Morphological, physiological and biochemical changes of young plants of some olive cultivars (Olea europaea L.) under drought stress conditions

Document Type : Full Paper


1 Ph. D. Candidate, Department of Horticultural Sciences, Islamic Azad University, Science and Research Branch, Tehran, Iran

2 Associate Professor, Horticulture and Crops Research Department, Kermanshah Agricultural and Natural Resources Research and Education center, AREEO, Kermanshah, Iran

3 Professor, Department of Horticultural Sciences, College of Agriculture & Natural Resources, University of Tehan, Karaj, Iran

4 Assistant Professor, Department of Horticultural Sciences, Islamic Azad University, Science and Research Branch, Tehran, Iran


In order to investigate the effect of drought on some of the olive cultivars, a pot experiment was conducted in a completely randomized design in Gilan-Gharb city of Kermanshah Province in pot condition during 2015. The treatments consisted of three irrigation levels of 100 (control), 75 and 50% field capacity, and three olive cultivars (Zard, Amigdalolia and Konservolia). The results showed that vegetative growth such as plant height, Leaf number, leaf area and root length were significantly affected by water stress depending on the cultivar. Peroxidase and catalase enzymes activity were significantly different between cultivars under water stress. The highest levels of peroxidase and catalase activity were observed in Konservolia cultivar and 50% irrigation treatments. The amount of phenol increased under water stress. Zard, Amigdalolia and Konservolia had the highest levels of phenol under stress treatments in compare to the control plants, respectively.
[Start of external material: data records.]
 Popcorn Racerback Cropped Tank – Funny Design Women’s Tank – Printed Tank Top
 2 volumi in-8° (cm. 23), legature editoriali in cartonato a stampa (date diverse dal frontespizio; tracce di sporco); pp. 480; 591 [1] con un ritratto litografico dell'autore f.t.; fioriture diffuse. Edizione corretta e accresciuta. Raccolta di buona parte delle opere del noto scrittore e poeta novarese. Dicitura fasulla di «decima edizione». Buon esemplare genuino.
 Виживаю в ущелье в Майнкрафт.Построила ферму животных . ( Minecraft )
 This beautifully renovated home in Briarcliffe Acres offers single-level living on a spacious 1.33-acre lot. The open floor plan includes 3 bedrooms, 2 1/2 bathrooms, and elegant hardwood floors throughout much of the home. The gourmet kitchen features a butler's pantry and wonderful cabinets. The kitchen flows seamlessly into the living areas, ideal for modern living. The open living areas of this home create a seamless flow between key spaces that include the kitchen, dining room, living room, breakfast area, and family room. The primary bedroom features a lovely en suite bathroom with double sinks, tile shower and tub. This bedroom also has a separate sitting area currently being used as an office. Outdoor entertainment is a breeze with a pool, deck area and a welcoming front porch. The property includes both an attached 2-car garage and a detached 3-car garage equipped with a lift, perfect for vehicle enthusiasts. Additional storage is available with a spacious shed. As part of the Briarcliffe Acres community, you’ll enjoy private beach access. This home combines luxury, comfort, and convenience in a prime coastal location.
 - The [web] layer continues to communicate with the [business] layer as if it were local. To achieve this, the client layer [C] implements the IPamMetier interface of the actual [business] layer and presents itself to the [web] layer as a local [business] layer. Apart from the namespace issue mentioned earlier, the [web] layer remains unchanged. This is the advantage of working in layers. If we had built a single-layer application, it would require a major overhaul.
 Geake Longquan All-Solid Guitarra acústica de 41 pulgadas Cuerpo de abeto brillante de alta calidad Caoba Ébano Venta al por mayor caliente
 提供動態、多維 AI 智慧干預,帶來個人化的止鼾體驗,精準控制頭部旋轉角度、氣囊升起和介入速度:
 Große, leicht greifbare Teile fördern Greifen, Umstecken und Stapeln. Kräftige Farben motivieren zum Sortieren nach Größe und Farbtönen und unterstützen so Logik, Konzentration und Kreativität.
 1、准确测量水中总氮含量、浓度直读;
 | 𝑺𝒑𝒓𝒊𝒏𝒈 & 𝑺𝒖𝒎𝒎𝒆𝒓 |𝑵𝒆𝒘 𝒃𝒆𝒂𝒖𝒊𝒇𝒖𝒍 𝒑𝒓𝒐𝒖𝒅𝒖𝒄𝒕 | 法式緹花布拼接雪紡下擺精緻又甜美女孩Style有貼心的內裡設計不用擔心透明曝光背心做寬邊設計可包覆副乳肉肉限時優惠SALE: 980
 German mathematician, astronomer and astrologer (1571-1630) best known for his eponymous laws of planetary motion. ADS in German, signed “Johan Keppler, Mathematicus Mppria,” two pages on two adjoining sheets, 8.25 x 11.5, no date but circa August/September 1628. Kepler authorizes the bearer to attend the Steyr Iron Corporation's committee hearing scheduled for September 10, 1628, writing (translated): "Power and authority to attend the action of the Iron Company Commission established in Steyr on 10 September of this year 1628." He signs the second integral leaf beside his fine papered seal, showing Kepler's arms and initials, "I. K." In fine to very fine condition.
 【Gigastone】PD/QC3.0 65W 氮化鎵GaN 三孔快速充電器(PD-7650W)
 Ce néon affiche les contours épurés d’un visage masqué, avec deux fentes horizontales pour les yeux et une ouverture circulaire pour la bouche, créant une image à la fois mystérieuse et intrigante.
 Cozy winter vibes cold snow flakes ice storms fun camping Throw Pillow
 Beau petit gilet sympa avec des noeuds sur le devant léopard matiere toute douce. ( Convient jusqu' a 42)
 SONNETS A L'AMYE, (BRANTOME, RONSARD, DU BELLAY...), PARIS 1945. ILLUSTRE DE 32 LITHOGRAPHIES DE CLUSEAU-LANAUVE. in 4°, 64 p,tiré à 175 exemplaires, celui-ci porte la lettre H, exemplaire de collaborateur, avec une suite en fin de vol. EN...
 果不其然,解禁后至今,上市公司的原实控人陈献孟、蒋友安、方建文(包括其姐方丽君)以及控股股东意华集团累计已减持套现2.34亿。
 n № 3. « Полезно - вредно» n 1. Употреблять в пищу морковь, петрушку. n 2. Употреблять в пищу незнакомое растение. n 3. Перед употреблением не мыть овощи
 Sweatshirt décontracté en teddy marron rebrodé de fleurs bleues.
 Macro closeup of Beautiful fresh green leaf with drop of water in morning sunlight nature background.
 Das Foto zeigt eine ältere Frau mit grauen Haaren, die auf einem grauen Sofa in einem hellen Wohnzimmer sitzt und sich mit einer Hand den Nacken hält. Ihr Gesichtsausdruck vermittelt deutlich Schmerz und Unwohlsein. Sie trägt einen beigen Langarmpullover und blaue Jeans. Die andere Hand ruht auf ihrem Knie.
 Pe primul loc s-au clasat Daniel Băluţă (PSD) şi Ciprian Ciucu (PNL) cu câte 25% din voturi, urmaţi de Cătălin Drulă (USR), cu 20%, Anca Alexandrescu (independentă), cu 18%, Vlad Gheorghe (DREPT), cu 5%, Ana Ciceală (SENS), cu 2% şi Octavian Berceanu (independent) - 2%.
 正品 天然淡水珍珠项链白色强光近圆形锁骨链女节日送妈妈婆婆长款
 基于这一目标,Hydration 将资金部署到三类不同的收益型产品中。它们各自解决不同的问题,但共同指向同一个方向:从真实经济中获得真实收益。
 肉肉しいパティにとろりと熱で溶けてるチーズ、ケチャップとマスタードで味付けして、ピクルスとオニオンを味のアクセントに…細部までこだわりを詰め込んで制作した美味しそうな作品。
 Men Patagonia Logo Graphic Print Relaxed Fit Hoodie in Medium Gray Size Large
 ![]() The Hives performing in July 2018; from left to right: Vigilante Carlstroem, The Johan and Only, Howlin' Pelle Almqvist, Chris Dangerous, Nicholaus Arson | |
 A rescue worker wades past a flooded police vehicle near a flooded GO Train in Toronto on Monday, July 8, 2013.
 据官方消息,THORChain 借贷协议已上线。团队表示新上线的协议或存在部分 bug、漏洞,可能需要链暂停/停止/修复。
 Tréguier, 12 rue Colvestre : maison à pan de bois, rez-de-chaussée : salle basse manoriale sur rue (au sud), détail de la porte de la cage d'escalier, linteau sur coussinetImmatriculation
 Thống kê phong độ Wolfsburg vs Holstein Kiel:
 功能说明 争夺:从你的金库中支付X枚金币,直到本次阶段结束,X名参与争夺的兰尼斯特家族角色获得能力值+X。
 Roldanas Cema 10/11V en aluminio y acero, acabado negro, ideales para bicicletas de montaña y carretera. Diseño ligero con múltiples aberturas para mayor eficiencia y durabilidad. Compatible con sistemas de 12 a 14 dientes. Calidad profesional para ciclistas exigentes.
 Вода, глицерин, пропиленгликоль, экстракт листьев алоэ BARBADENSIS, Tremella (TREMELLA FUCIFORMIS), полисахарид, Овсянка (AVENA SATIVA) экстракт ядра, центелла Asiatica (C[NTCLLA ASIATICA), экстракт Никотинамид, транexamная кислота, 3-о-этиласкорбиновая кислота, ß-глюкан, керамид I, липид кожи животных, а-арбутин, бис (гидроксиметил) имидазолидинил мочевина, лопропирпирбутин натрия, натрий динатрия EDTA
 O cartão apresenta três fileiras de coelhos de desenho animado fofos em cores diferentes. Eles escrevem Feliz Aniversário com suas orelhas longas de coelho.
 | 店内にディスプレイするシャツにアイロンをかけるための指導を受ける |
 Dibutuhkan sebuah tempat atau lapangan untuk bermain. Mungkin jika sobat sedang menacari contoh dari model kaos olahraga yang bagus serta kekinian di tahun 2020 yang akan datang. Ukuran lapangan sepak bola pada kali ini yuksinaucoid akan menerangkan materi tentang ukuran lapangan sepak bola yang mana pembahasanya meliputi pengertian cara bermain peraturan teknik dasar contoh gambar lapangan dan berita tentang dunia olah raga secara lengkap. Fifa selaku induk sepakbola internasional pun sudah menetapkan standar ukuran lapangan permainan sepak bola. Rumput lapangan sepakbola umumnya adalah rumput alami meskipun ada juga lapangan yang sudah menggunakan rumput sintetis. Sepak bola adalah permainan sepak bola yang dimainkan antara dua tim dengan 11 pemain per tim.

The amount of malondialdehyde in different treatments was significantly affected by drought stress. The highest amount of malondialdehyde was observed in irrigation treatments of 50% in Zard cultivar with about 57% compared to control plants. Generally, according to the response of cultivars, they differed in drought stress, and each showed a specific response. Vegetative growth under conditions of drought stress was higher in Zard, Konservolia and Amigdalolia cultivars, respectively. Zard variety was superior in terms of phenol content and peroxidase and catalase activity, while Konservolia had the highest sugar content.